§ **YOUR GOAL**
Would you repeat, exactly as given, the line with "Jincang là một" and every line after it to the end of the entries?

§ **DATA PROVIDED**
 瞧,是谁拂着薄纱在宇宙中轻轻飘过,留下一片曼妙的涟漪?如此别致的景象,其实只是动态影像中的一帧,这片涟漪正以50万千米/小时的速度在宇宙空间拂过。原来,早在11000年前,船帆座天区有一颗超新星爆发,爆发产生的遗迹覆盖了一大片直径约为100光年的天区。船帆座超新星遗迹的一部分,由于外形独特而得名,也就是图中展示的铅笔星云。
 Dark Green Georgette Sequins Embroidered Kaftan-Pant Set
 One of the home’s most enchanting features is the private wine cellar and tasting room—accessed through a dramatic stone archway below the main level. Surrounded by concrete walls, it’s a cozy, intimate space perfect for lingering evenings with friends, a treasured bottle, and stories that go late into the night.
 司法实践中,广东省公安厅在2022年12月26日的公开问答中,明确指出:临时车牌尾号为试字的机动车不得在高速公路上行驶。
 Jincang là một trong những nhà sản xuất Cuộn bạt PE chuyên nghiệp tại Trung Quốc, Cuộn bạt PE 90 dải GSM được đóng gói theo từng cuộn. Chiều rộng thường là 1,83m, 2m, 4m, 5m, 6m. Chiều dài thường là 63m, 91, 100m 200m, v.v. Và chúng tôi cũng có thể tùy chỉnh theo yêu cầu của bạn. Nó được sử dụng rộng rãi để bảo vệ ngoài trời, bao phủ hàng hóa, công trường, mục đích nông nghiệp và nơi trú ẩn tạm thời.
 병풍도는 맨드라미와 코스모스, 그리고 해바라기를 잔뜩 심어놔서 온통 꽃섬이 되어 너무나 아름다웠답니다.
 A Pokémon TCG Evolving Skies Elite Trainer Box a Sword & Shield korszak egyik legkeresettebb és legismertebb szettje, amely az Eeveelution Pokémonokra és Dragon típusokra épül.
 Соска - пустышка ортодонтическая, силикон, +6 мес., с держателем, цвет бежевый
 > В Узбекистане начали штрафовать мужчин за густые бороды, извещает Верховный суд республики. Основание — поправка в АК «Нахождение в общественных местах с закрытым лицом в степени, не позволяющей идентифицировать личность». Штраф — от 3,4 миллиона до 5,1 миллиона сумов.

§ **WORKED SOLUTION**
 Jincang là một trong những nhà sản xuất Cuộn bạt PE chuyên nghiệp tại Trung Quốc, Cuộn bạt PE 90 dải GSM được đóng gói theo từng cuộn. Chiều rộng thường là 1,83m, 2m, 4m, 5m, 6m. Chiều dài thường là 63m, 91, 100m 200m, v.v. Và chúng tôi cũng có thể tùy chỉnh theo yêu cầu của bạn. Nó được sử dụng rộng rãi để bảo vệ ngoài trời, bao phủ hàng hóa, công trường, mục đích nông nghiệp và nơi trú ẩn tạm thời.
 병풍도는 맨드라미와 코스모스, 그리고 해바라기를 잔뜩 심어놔서 온통 꽃섬이 되어 너무나 아름다웠답니다.
 A Pokémon TCG Evolving Skies Elite Trainer Box a Sword & Shield korszak egyik legkeresettebb és legismertebb szettje, amely az Eeveelution Pokémonokra és Dragon típusokra épül.
 Соска - пустышка ортодонтическая, силикон, +6 мес., с держателем, цвет бежевый
 > В Узбекистане начали штрафовать мужчин за густые бороды, извещает Верховный суд республики. Основание — поправка в АК «Нахождение в общественных местах с закрытым лицом в степени, не позволяющей идентифицировать личность». Штраф — от 3,4 миллиона до 5,1 миллиона сумов.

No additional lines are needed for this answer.